Went to a wedding Saturday. My niece married a handsome young man in a simple and elegant wedding down at the church. After the ceremony there was a real nice reception with lots of fun, food, fellowship and best wishes for a full future together. Amen.
When it was all over, the two of them had put on a real good show. Except for one thing.
In the past year, My First Wife and I have attended three really nice weddings. But each one sported a common black eye. Attention: Wedding Planners. Yoo-hoo!!
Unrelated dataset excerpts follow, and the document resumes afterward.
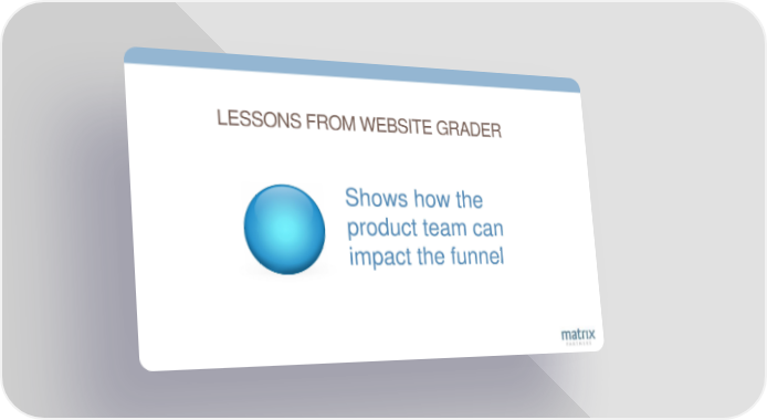 LESSONS FROM WEBSITE GRADER Shows how the product team can impact the funnel 12 Key Levers of SaaS Success Page 35 Page 37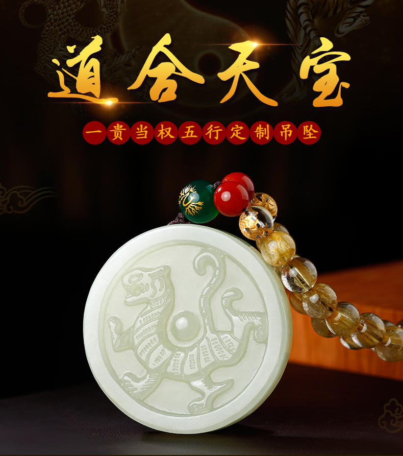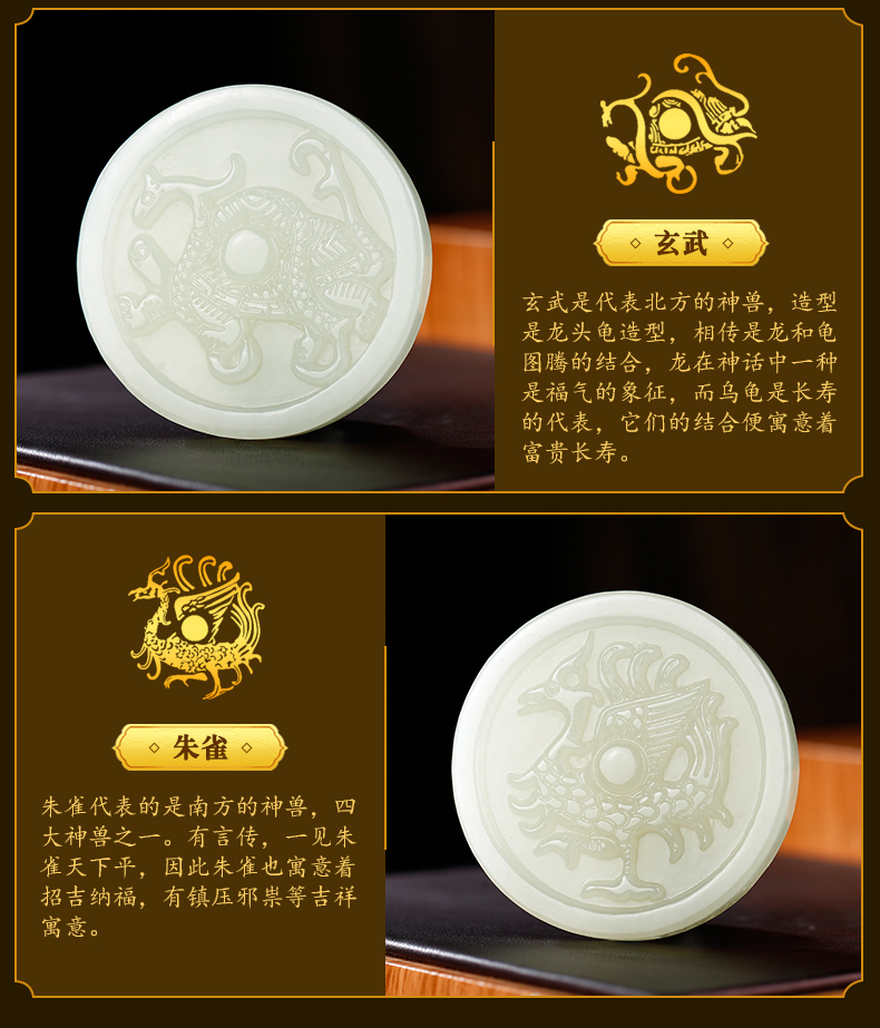慈元阁道合天宝一贵当权五行定制和田玉吊坠青龙白虎朱雀玄武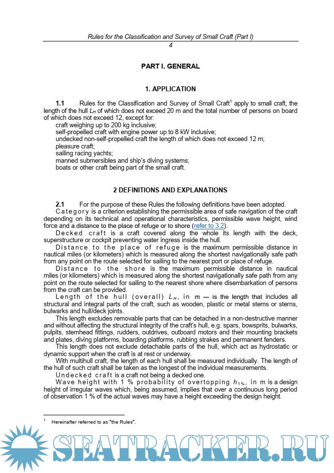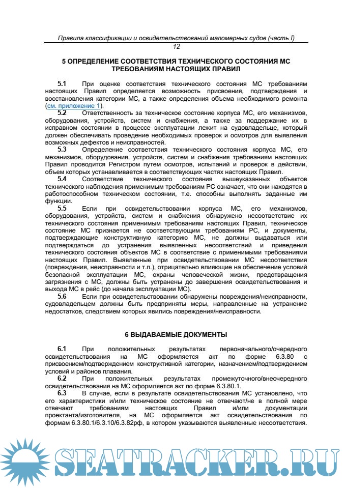 - Правила классификации и освидетельствований маломерных судов; - Rules for the Classification and Survey of Small Craft.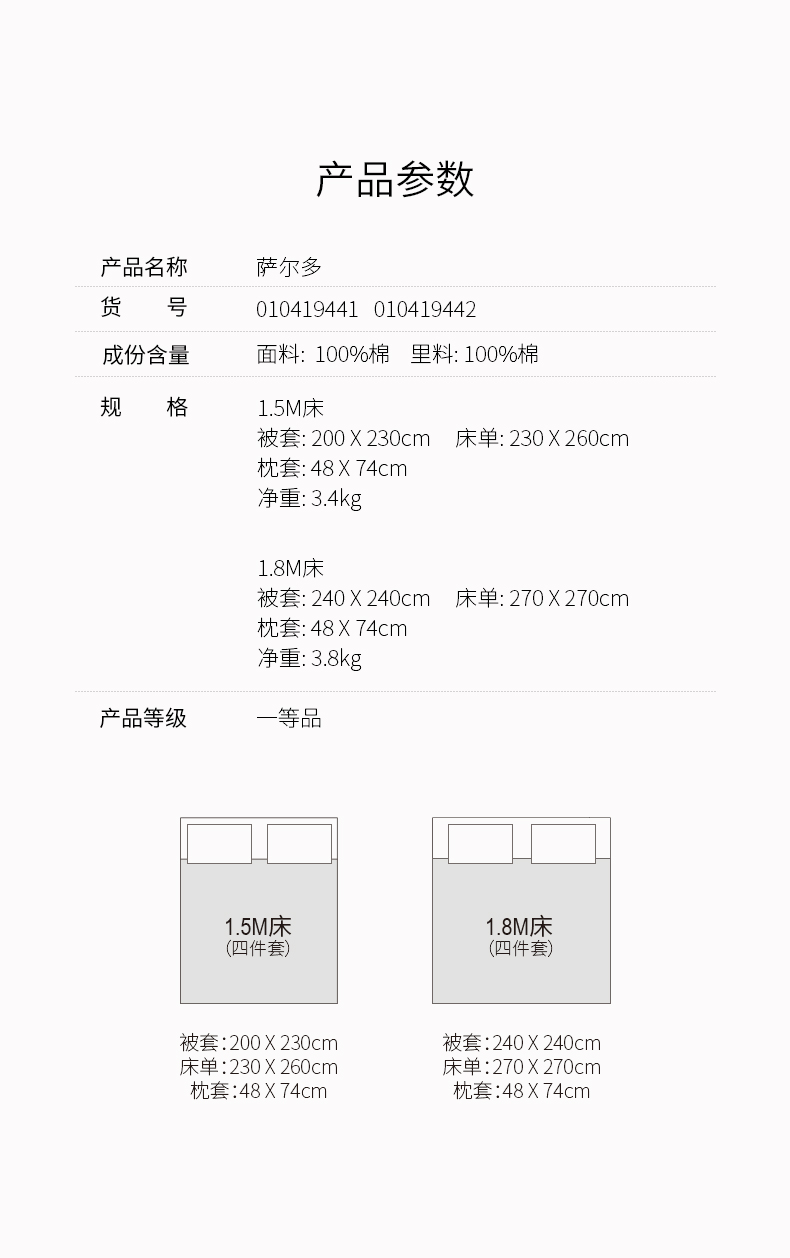 【ROYALCOVER】罗卡芙140S新疆全棉多色纬色织大提花四件套 萨尔多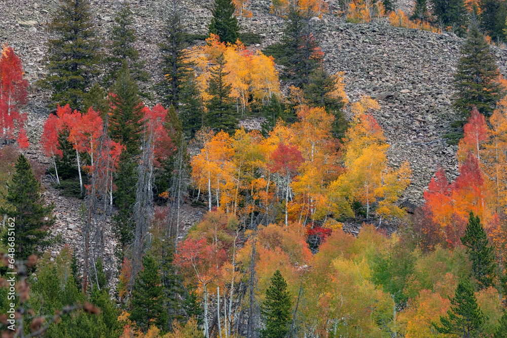 View of Fall foliage at foot hills in Wasatch Cache National Forest, Utah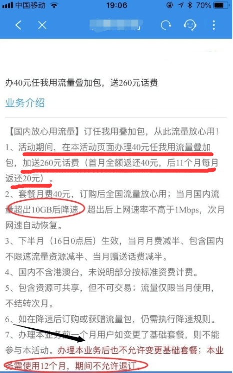 從圖中我們可以看到,這是一款叫做“任我用”的套餐,相信移動的老用戶應該都是清楚的。其實這款套餐并不是真正意義上的20元“不限流量”,而是有12個月的優惠期,期間只需要20元每月,而優惠到期后,就會恢復40元的原月費。但套餐中依舊不變的就是“無限流量”了,不過采用的卻是最低的限速閥,每個月使用超過10G之后就會限速至1Mbps,看到這,不少網友表示:“移動終于良心了嗎?”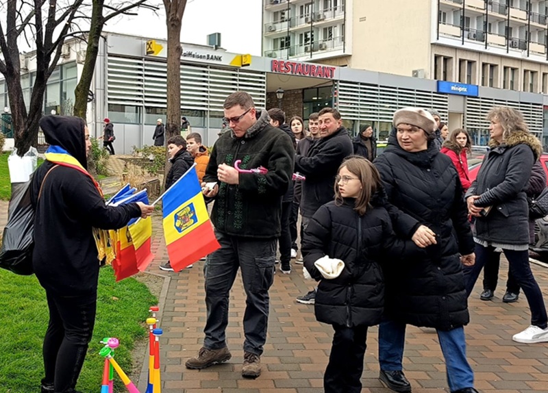 Deși vremea n-a fost chiar prietenoasă, dar măcar n-a plouat, mii de oameni (între 7.000 și 8.000 după estimările forțelor de ordine) au participat la ceremonia organizată în Piața Ștefan cel Mare, de Ziua Națională. Vânzătorii de stegulețe (10 lei bucata) au avut clienți, copiii fiind, în general, cei care le cereau părinților să le cumpere tricolorul.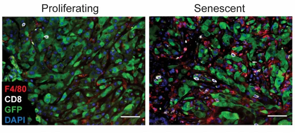 Un programa inmunogénico reconectadoSegún el mecanismo que han descubierto los investigadores, la inducción de la senescencia pone en marcha un programa molecular, que no solo remodela el entorno tisular de las células tumorales, sino que también incrementa su receptividad a ciertas señales en el mismo. Este programa de "percepción" activado por la senescencia puede hacer a las células cancerígenas más "visibles" al sistema inmune ya que amplifica la actividad de señales inmunoactivadoras, y es necesario para desencadenar respuestas inmunes anti-tumorales efectivas.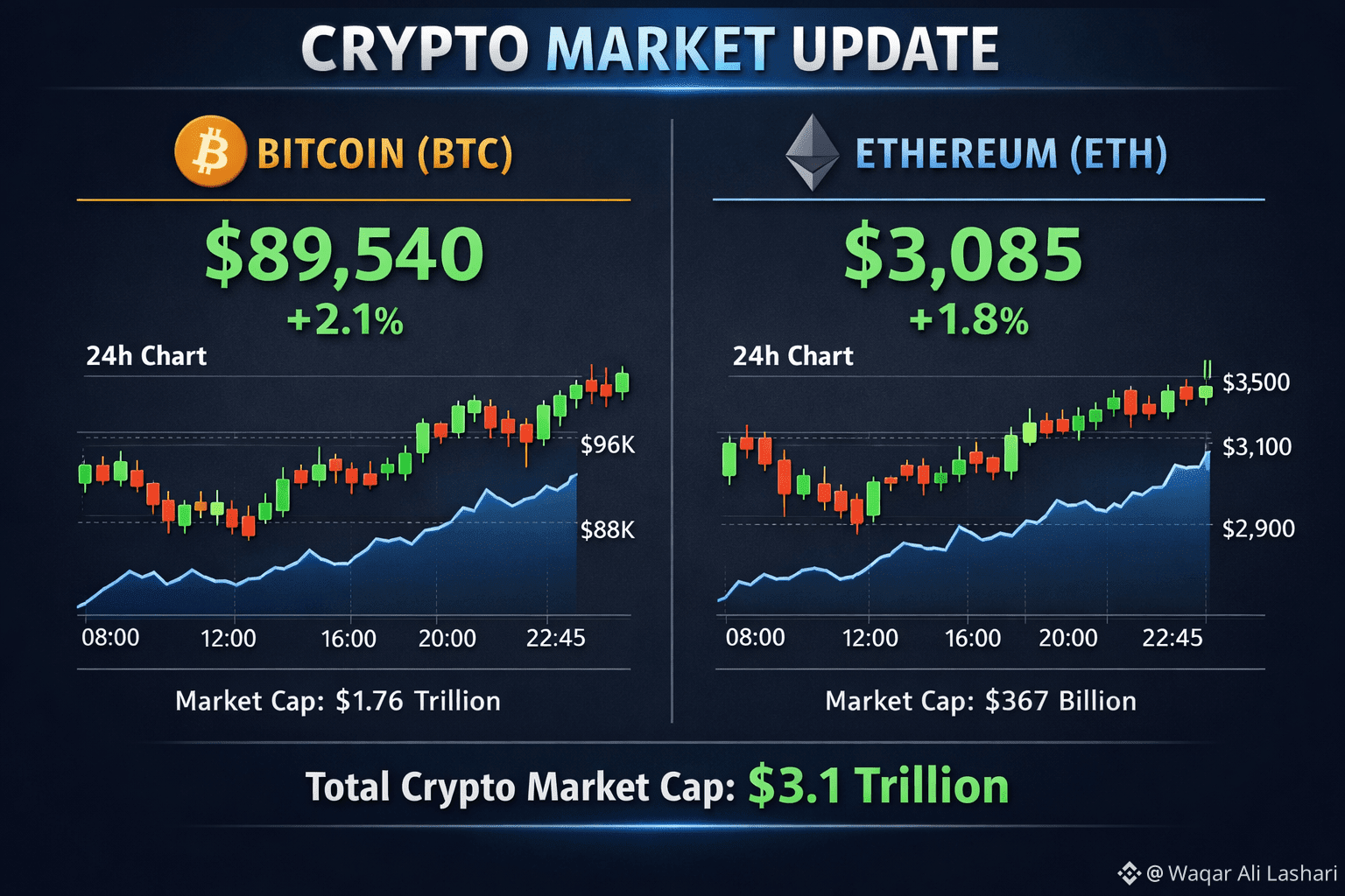 : ~ $89,500+ and showing small gains in the last 24h — market is slightly bullish. �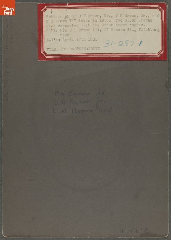 C.H. Brown and Company, founded in the late 1860s, built steam engines used by mill owners and machine manufacturers throughout America. Thomas Edison even purchased a Brown steam engine to run electric dynamos at Menlo Park. Pictured in this 1905 photograph is founder Charles. H. Brown, Sr., his son Charles, Jr., and his grandson Charles III standing in the center.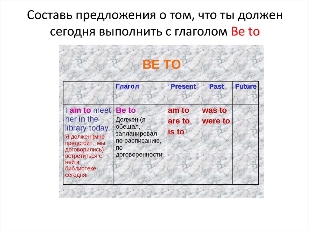 Составь предложения о том, что ты долженсегодня выполнить с глаголом Be to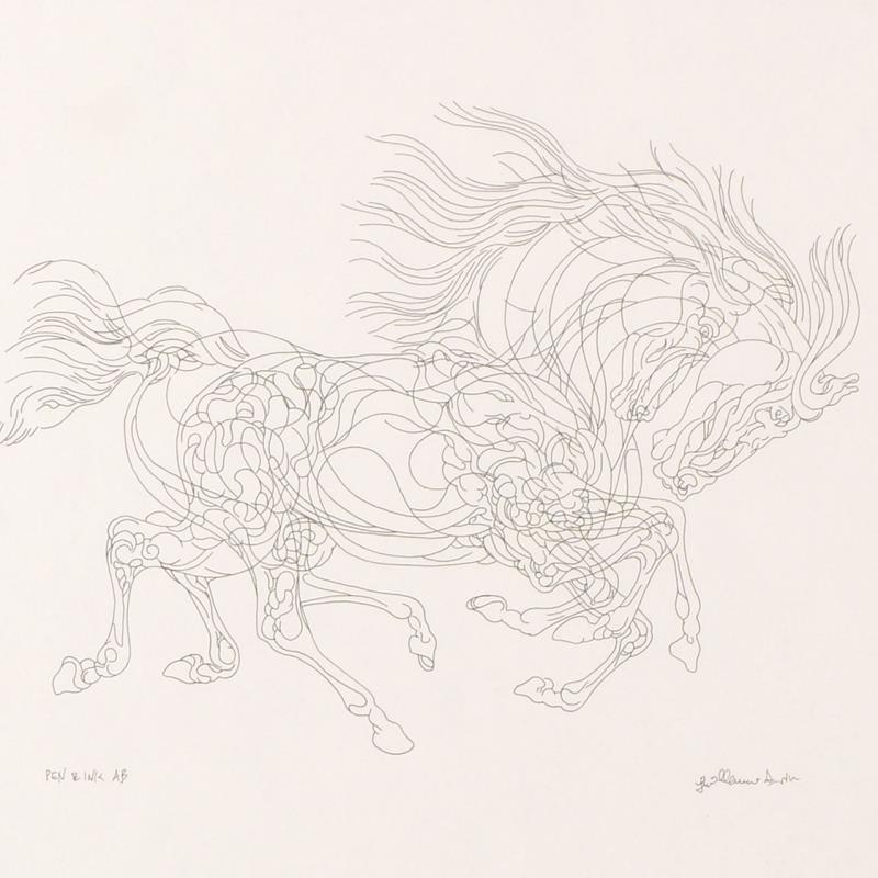 "Pen and Ink AB" is an original drawing on paper by Guillaume Azoulay, hand signed by the artist. This piece comes framed. Includes Letter of Authenticity. Measures approx. 28.5" x 24.5" (frame), 11" x 8" (image).

I believe I have come up with a money-making gig that will make a lot of captive audiences real happy. You know that time between the ceremony and the reception when the pesky photographer takes an hour and a half for photos? Yeah, yeah. That time.
That time when all the R.S.V.P. guests sit in front of mounds of mouth-watering food politely waiting for the wedding party. That time when they wait. When they wait. When they wait. And watch fussy food caterers touch up their presentation. And faint. And squirm at a creaky table among strangers. There’s just so much you can say about the pretty centerpiece, huh? And rassle with hungry, squirming little kids. And wait. And try to discreetly change Pampers in a crowd of 200 hungry people. And faint. And twist in bent folding chairs.
Well, hey! How ‘bout a stand-up comedian to while away the time? A magician! Or a grandkids pageant. How about a karaoke fest? Card tricks? Or three-legged races. I'd settle for a bagpipe concert—anything besides sitting in front of mounds of mouth-watering food for an hour and a half!!! Attention: Wedding Planners. Yoo-hoo!!
Even something so simple as a Reception Host at the door. “Hi. Welcome. (Smiling appropriately.) “The bride and groom won’t be here for another hour and a half, but they want you to find a table and then go right ahead and enjoy the buffet.” (Hand gestures would be appropriate here.)
I wish I had thought of this brilliant idea sooner. I'm starving.